Exercise requirements:
Among the lines below, output only those between the line holding "在九號院小區(qū),記者看" and the line holding "1 sofá: estrutura", inclusive, exactly as written and with no pictures.

===== Available data

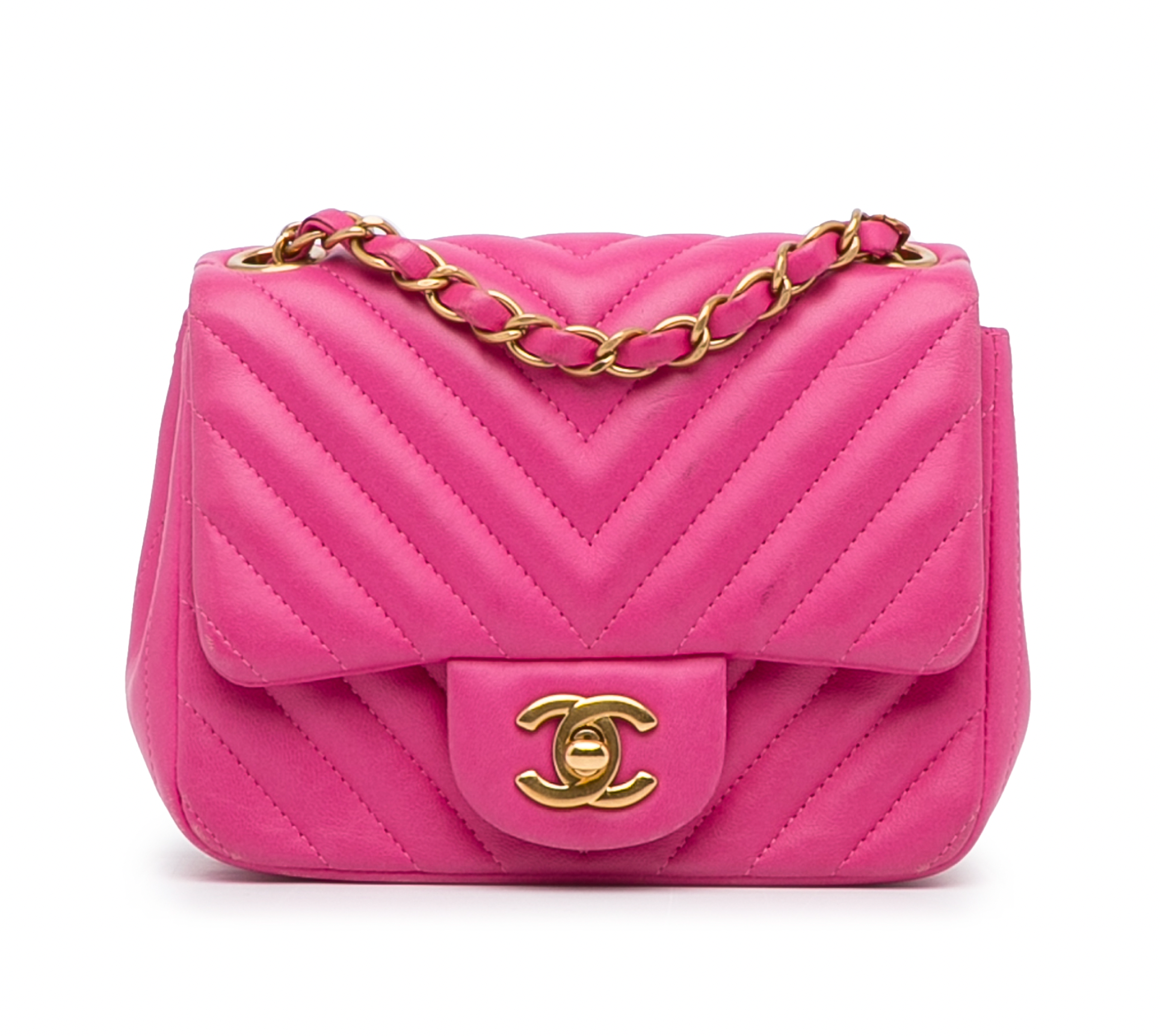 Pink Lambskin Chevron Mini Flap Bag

==========
===== Available data

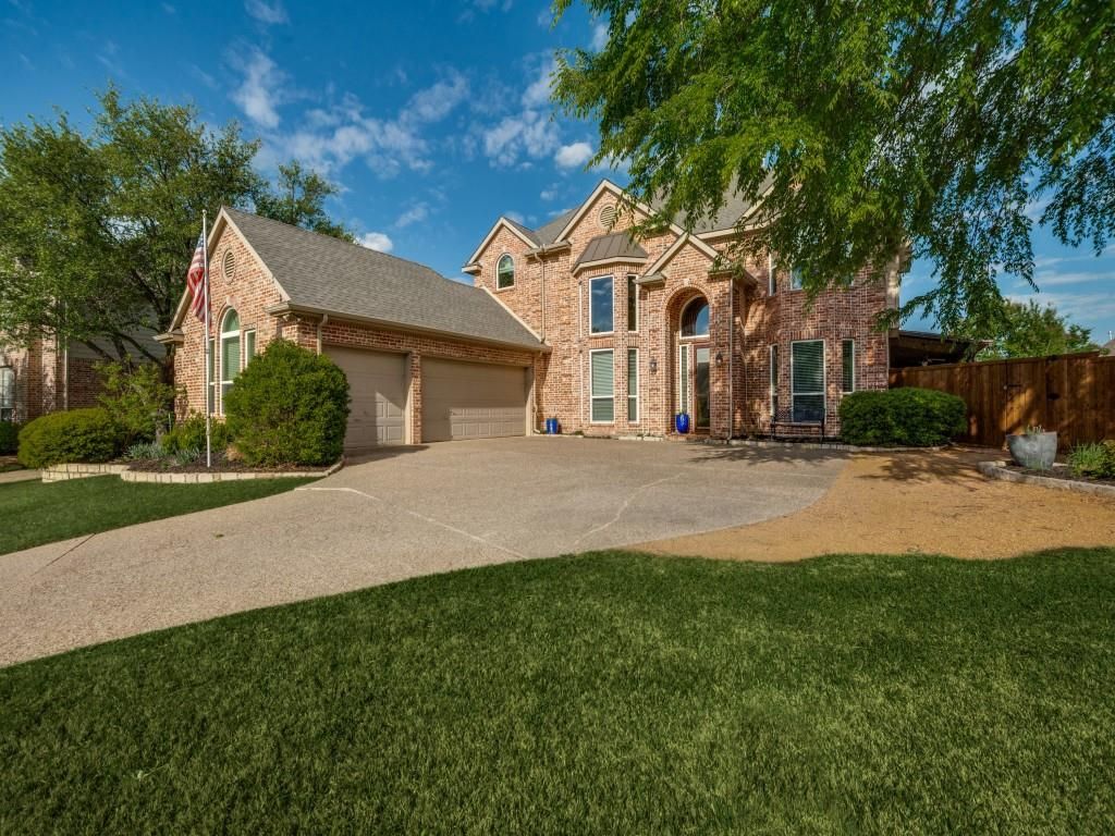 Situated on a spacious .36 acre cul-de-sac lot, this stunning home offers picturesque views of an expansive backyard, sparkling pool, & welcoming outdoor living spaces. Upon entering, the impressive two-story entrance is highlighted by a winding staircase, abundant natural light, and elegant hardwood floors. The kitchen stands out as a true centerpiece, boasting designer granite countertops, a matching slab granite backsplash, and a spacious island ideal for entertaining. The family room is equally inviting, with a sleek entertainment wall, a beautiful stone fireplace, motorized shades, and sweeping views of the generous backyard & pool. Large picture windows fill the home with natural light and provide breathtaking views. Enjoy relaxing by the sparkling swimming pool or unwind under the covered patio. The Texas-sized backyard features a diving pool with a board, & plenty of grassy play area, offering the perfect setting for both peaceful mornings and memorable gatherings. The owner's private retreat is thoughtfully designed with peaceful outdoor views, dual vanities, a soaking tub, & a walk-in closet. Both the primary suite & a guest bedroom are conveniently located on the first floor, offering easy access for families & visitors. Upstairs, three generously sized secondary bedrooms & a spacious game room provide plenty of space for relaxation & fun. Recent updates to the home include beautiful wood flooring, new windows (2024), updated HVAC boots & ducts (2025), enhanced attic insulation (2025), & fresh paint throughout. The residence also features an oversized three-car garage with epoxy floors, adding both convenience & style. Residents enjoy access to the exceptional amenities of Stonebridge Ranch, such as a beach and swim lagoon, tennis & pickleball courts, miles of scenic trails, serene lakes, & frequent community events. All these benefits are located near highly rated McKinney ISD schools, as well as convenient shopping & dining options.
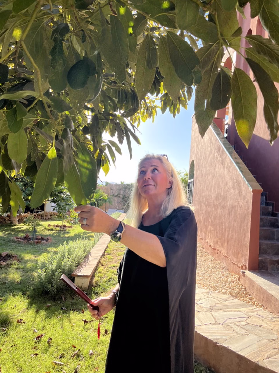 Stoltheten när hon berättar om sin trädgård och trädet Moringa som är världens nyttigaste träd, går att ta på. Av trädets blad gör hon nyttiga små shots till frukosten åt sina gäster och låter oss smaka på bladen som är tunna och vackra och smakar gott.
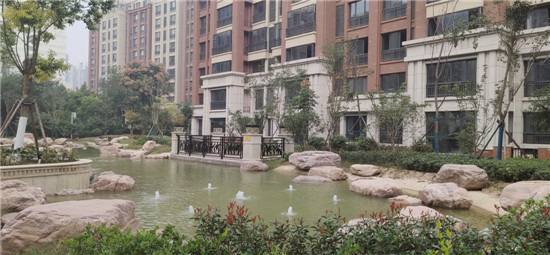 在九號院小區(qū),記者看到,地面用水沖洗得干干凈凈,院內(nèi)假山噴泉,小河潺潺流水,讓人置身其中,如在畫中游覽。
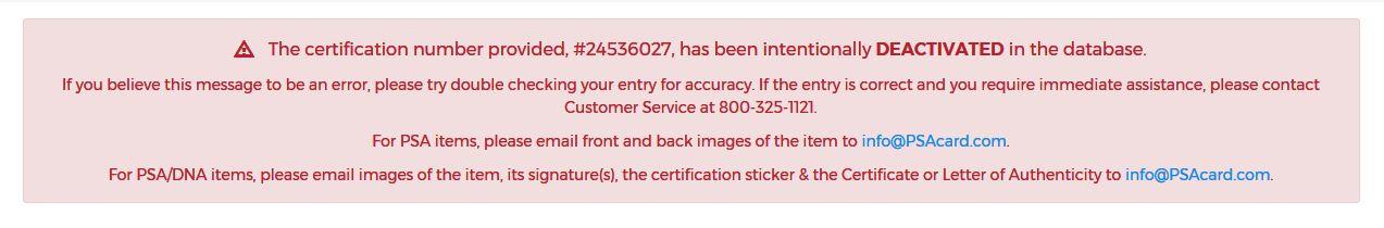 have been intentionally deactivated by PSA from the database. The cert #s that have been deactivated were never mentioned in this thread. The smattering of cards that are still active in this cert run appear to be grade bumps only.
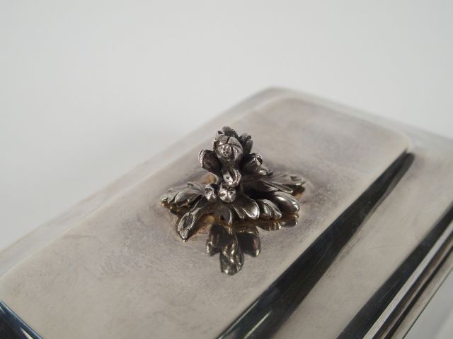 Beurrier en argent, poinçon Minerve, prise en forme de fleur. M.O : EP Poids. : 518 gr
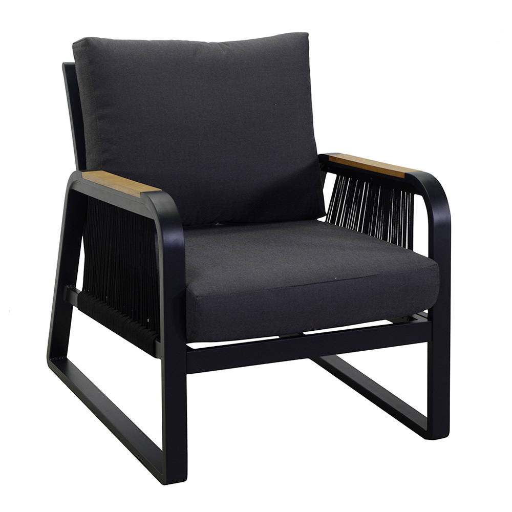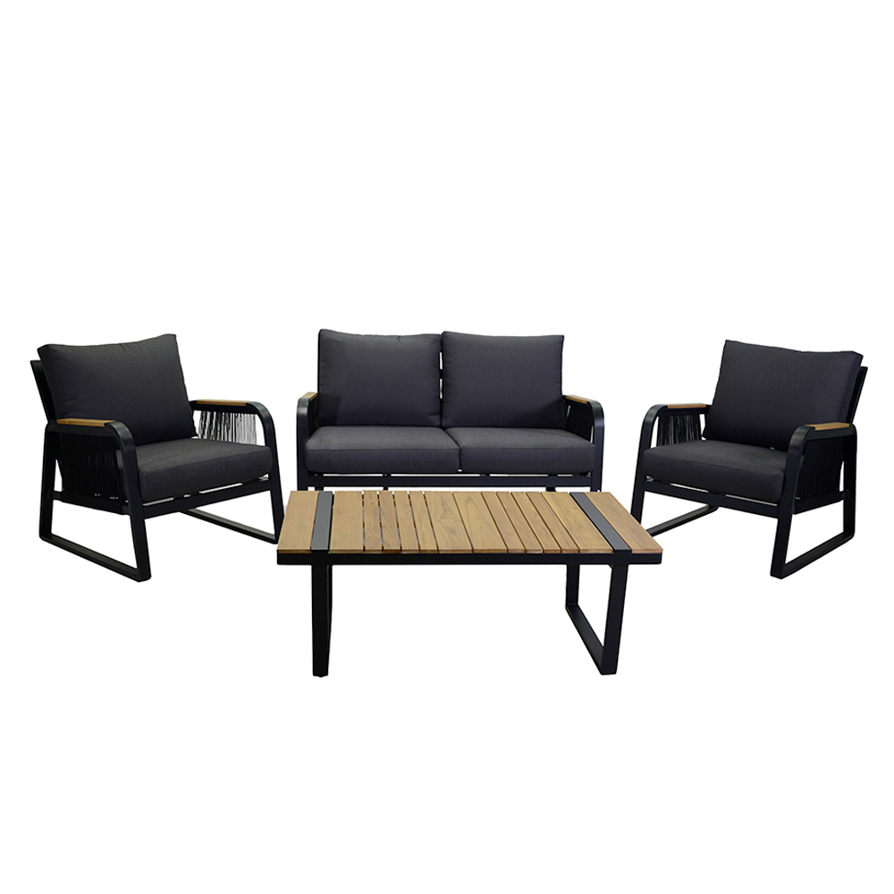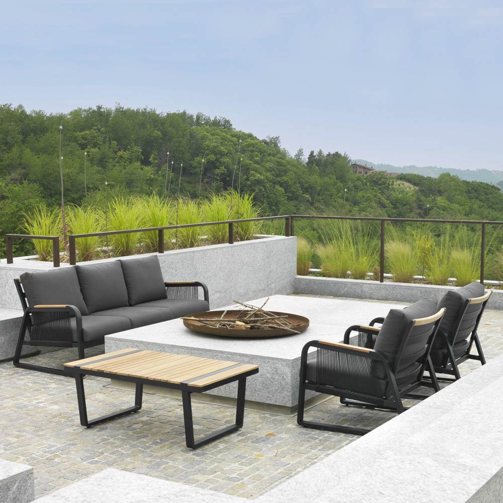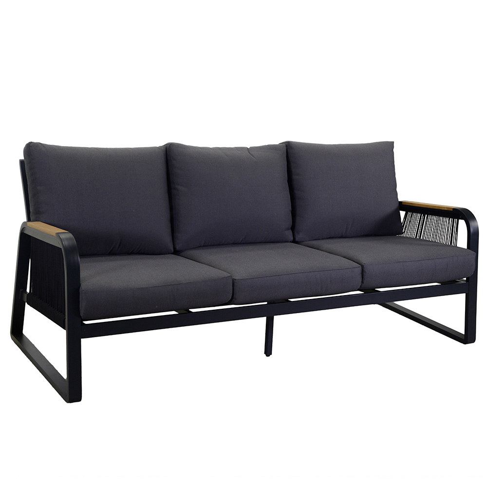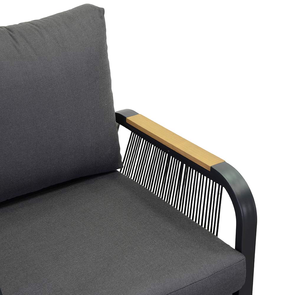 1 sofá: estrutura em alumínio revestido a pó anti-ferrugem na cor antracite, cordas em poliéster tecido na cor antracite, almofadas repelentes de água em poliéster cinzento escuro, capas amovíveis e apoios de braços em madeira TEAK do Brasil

==========

Answer area:
 在九號院小區(qū),記者看到,地面用水沖洗得干干凈凈,院內(nèi)假山噴泉,小河潺潺流水,讓人置身其中,如在畫中游覽。
 have been intentionally deactivated by PSA from the database. The cert #s that have been deactivated were never mentioned in this thread. The smattering of cards that are still active in this cert run appear to be grade bumps only.
 Beurrier en argent, poinçon Minerve, prise en forme de fleur. M.O : EP Poids. : 518 gr
 1 sofá: estrutura em alumínio revestido a pó anti-ferrugem na cor antracite, cordas em poliéster tecido na cor antracite, almofadas repelentes de água em poliéster cinzento escuro, capas amovíveis e apoios de braços em madeira TEAK do Brasil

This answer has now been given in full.